Sebastián Díaz Morales. The Shadow Out of Time
Contemporary video art and conceptual installation, with a strong focus on time, memory, technology, absence, and speculative fiction.

Image credit
Film still: Sebastián Díaz Morales, #4 El cielo cayendo (Under the Falling Sky) FROZEN-DESERT, 2025. Two-screen video installation, 5.1 Dolby Surround, 13:00 min. © Sebastián Díaz Morales
Meet the artist
The Movement
Contemporary Art, Video Art MovementArtLovers Tip
Stay with the works long enough for the ordinary objects to become strange. The most powerful part of this exhibition is not what happens on screen — but the feeling that time itself has slipped slightly out of place.
Exhibition Highlights - What you’ll see
The Shadow Out of Time brings together different bodies of work by Sebastián Díaz Morales (1975) that explore how fragments of past and future civilisations persist inside the present.
You’re watching objects that behave like receivers — devices tuned to echoes, ruins, messages and impossible timelines:
- A smartwatch displaying ancient Sumerian cuneiform texts, connecting one of today’s most banal devices with some of the earliest known human writing.
- A wristwatch attempting to reverse time, its second hand fixed in a strange act of refusal.

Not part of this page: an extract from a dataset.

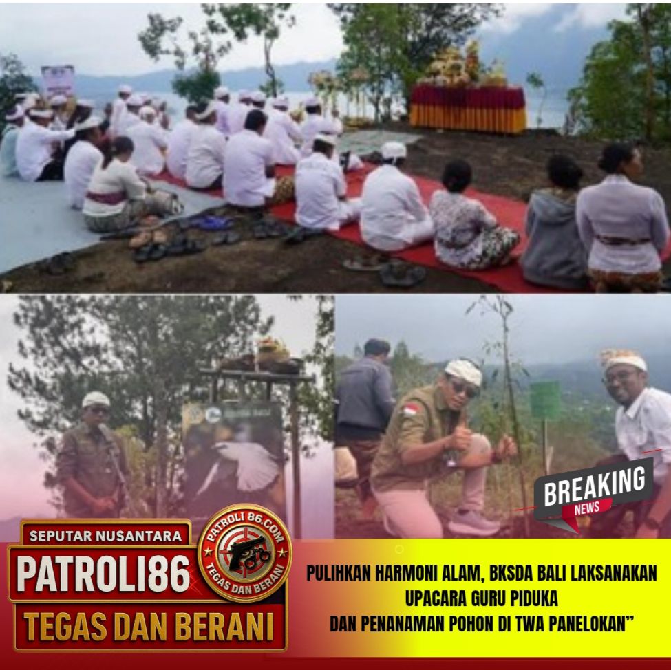 Bangli,, patroli86.com ,,13 November 2025 – Balai Konservasi Sumber Daya Alam (BKSDA) Bali melaksanakan Upacara Guru Piduka dan Penanaman Pohon di Taman Wisata Alam (TWA) Panelokan, Kecamatan Kintamani, Kabupaten Bangli. Kegiatan ini menjadi simbol penghormatan terhadap alam serta langkah nyata dalam upaya pemulihan ekosistem, dengan semangat kolaborasi antara pemerintah, masyarakat adat, dan generasi muda Kader Konservasi BKSDA Bali. Pelaksanaan kegiatan ini juga menandai tahap akhir dari proses penyelesaian pembongkaran bangunan kedai di kawasan TWA Panelokan dan bentuk komitmen bersama untuk mengembalikan fungsi kawasan.

- A rotating candle flame, turning an ordinary source of light into something almost supernatural.
- A broken speaker playing bird calls, as if remembering a world that has gone silent.
The exhibition doesn’t show the catastrophe itself. It shows what remains after: signals, traces, echoes, and objects still trying to communicate.
The exhibition is part of this year’s Festival OFF of Photoespaña and will follow the artist’s institutional solo exhibition, 'El Cielo Cayendo', which opened at Art Haus Central, Buenos Aires, in 2025.
Worth the trip
Yes — especially if you’re drawn to video art, speculative narratives, and exhibitions that feel cinematic and philosophical.
Because Díaz Morales turns technology into archaeology. A smartwatch, a speaker, a candle, a watch — everyday objects become evidence of unstable time, lost worlds, and future ruins.
It matters because the exhibition speaks directly to our moment: a world overloaded with devices, messages and systems, yet haunted by collapse, memory, and disappearance.
This is not an exhibition that gives you answers.
It leaves you inside the signal.
How to experience it
Don’t rush — video works need time to unfold.
Think of each object as a “receiver” rather than a sculpture or screen.
Pay attention to sound, duration, repetition, and silence.
Let the exhibition feel slightly uncanny — that discomfort is part of the work.
Read it as a journey through time: ancient writing, broken technology, reversed clocks, surviving echoes.